Items listed in a dataset »
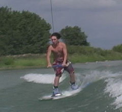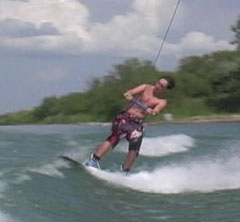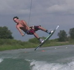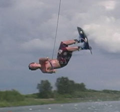 The heelside backroll is a beginning flip and should not be tried without special training and adherence to safety principles. Hit the wake and simultaneously drop the handle for slack during landing. Lean the body back as you lanch from the wave and carve away from the boat. This will start the body rotating, as shown in photo 2. Suck in the legs to increase rate of rotation. The body should be inverted at least by the high point in the jump (photos 3 and 4). Spot the landing (photo 5) and quickly extend and absorb (photo 6).
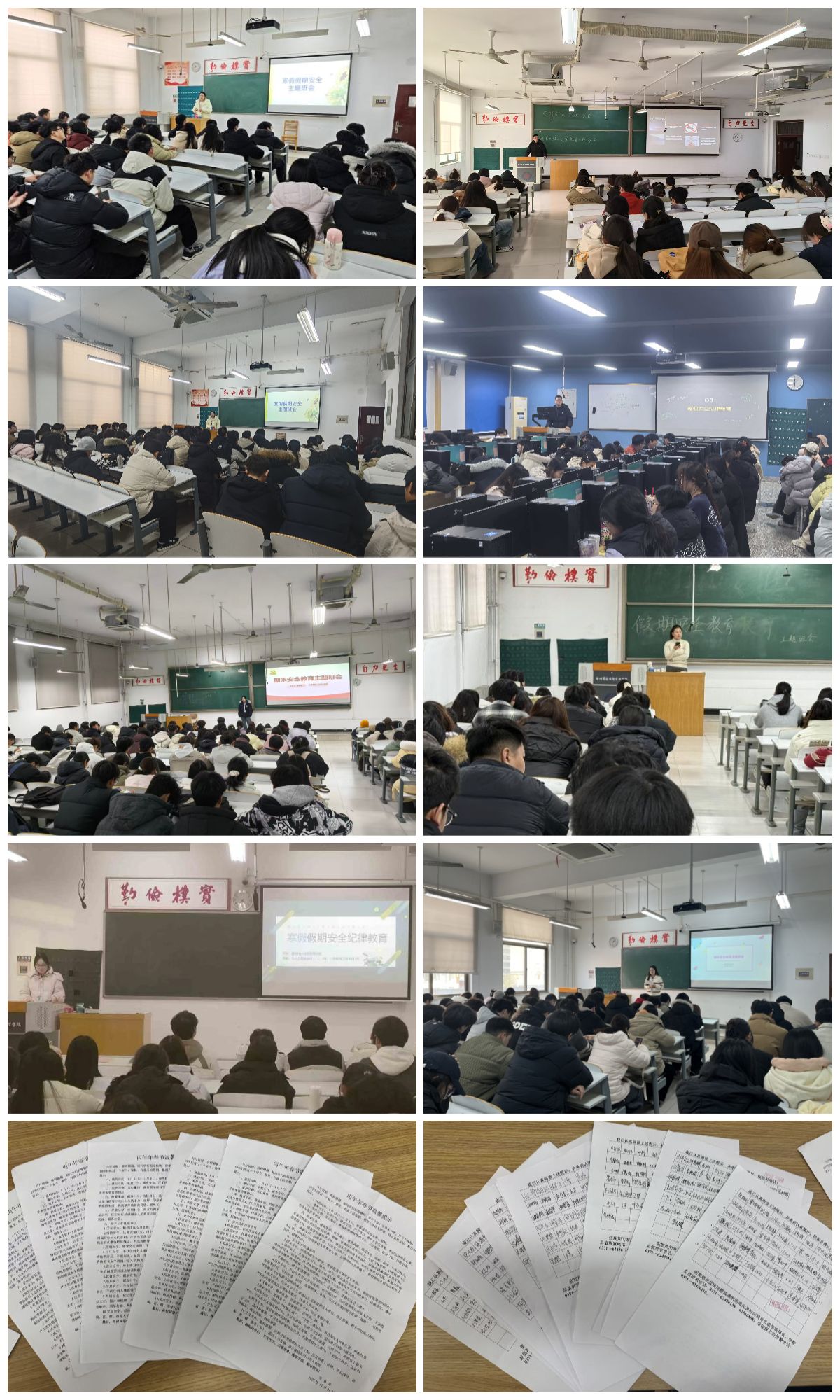 学院高度重视假期学生安全工作,组织各年级、各班级在放假前集中召开了寒假安全教育主题班会。班会上,各班辅导员或班主任系统传达了学校关于寒假放假的具体时间安排,并围绕假期安全与行为规范进行了重点教育。教育内容全面,涵盖了人身安全、财产安全、网络安全等多个维度:
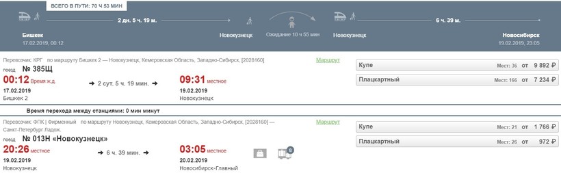 Прямые поезда по данному маршруту не курсируют, но не нужно исключать этот вариант, ведь можно доехать с пересадкой. Ее сделайте в Новокузнецке,
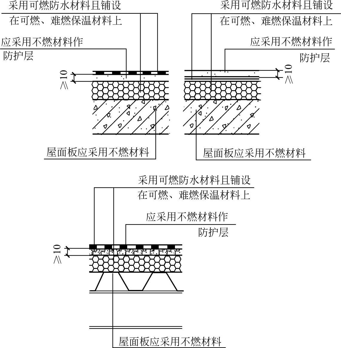 屋面防水层宜采用不燃、难燃材料,当采用可燃防水材料且铺设在可燃、难燃保温材料上时,防水材料或可燃、难燃保温材料应采用不燃材料作防护层,如图2-4所示。
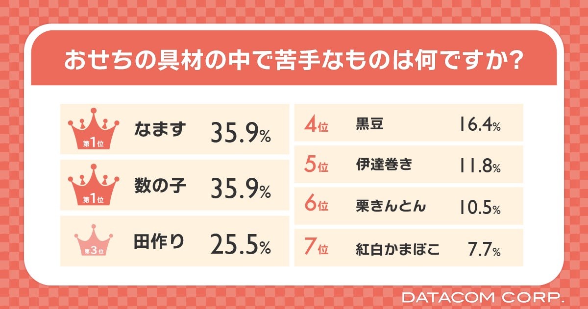 苦手なおせちの具材では、なますと数の子が同率の35.9%で1位に、次点の田作りが25.5%という結果になりました。
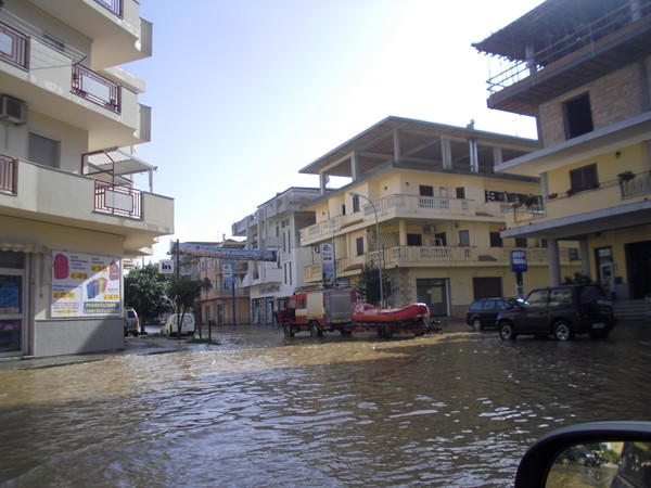 Colpa di incuria ambientale? Crediamo più semplicemente che la causa sia da addebitare all’eccezionalità dell’evento, che comunque trae la sua esplicazione, come tutte le cose, dall’incuria e poca responsabilità dell’uomo che, per cattiva burocrazia, cattiva politica ambientale, interviene, analizza, sostiene, piange, solo quando qualcuno piange i propri cari. Forse anche da noi si attende di piangere qualcuno per accorgersi che siamo in balia “dell’acqua”, quella che lo scirocco violento spinge dal mare e quello da attività pluviale. E la stagione autunno/inverno è appena iniziata. Nel pomeriggio il sindaco Roberto Siciliani ha emanato un’ordinanza che prevede la chiusura delle scuole per mercoledì 20 novembre. Intanto la macchina del Comune è a lavoro per superare l’emergenza: due pale meccaniche sono sulla spiaggia per creare una barriera protettiva ai canaloni dell’acqua piovana, mentre i tecnici controllano le vie del paese con il supporto della polizia municipale, vigili del fuoco e carabinieri di Cirò Marina. La seconda ordinanza del sindaco vieta il parcheggio, fino a venerdì 22 novembre 2013, su entrambi i lati delle seguenti strade cittadine: viale Libertà, piazza Cremissa, via Noè, via Cesare Battisti, via D’Annunzio e via Pola.

WORK ORDER »
Print the records verbatim, without pictures.

RESULT »
 The heelside backroll is a beginning flip and should not be tried without special training and adherence to safety principles. Hit the wake and simultaneously drop the handle for slack during landing. Lean the body back as you lanch from the wave and carve away from the boat. This will start the body rotating, as shown in photo 2. Suck in the legs to increase rate of rotation. The body should be inverted at least by the high point in the jump (photos 3 and 4). Spot the landing (photo 5) and quickly extend and absorb (photo 6).
 学院高度重视假期学生安全工作,组织各年级、各班级在放假前集中召开了寒假安全教育主题班会。班会上,各班辅导员或班主任系统传达了学校关于寒假放假的具体时间安排,并围绕假期安全与行为规范进行了重点教育。教育内容全面,涵盖了人身安全、财产安全、网络安全等多个维度:
 Прямые поезда по данному маршруту не курсируют, но не нужно исключать этот вариант, ведь можно доехать с пересадкой. Ее сделайте в Новокузнецке,
 屋面防水层宜采用不燃、难燃材料,当采用可燃防水材料且铺设在可燃、难燃保温材料上时,防水材料或可燃、难燃保温材料应采用不燃材料作防护层,如图2-4所示。
 苦手なおせちの具材では、なますと数の子が同率の35.9%で1位に、次点の田作りが25.5%という結果になりました。
 Colpa di incuria ambientale? Crediamo più semplicemente che la causa sia da addebitare all’eccezionalità dell’evento, che comunque trae la sua esplicazione, come tutte le cose, dall’incuria e poca responsabilità dell’uomo che, per cattiva burocrazia, cattiva politica ambientale, interviene, analizza, sostiene, piange, solo quando qualcuno piange i propri cari. Forse anche da noi si attende di piangere qualcuno per accorgersi che siamo in balia “dell’acqua”, quella che lo scirocco violento spinge dal mare e quello da attività pluviale. E la stagione autunno/inverno è appena iniziata. Nel pomeriggio il sindaco Roberto Siciliani ha emanato un’ordinanza che prevede la chiusura delle scuole per mercoledì 20 novembre. Intanto la macchina del Comune è a lavoro per superare l’emergenza: due pale meccaniche sono sulla spiaggia per creare una barriera protettiva ai canaloni dell’acqua piovana, mentre i tecnici controllano le vie del paese con il supporto della polizia municipale, vigili del fuoco e carabinieri di Cirò Marina. La seconda ordinanza del sindaco vieta il parcheggio, fino a venerdì 22 novembre 2013, su entrambi i lati delle seguenti strade cittadine: viale Libertà, piazza Cremissa, via Noè, via Cesare Battisti, via D’Annunzio e via Pola.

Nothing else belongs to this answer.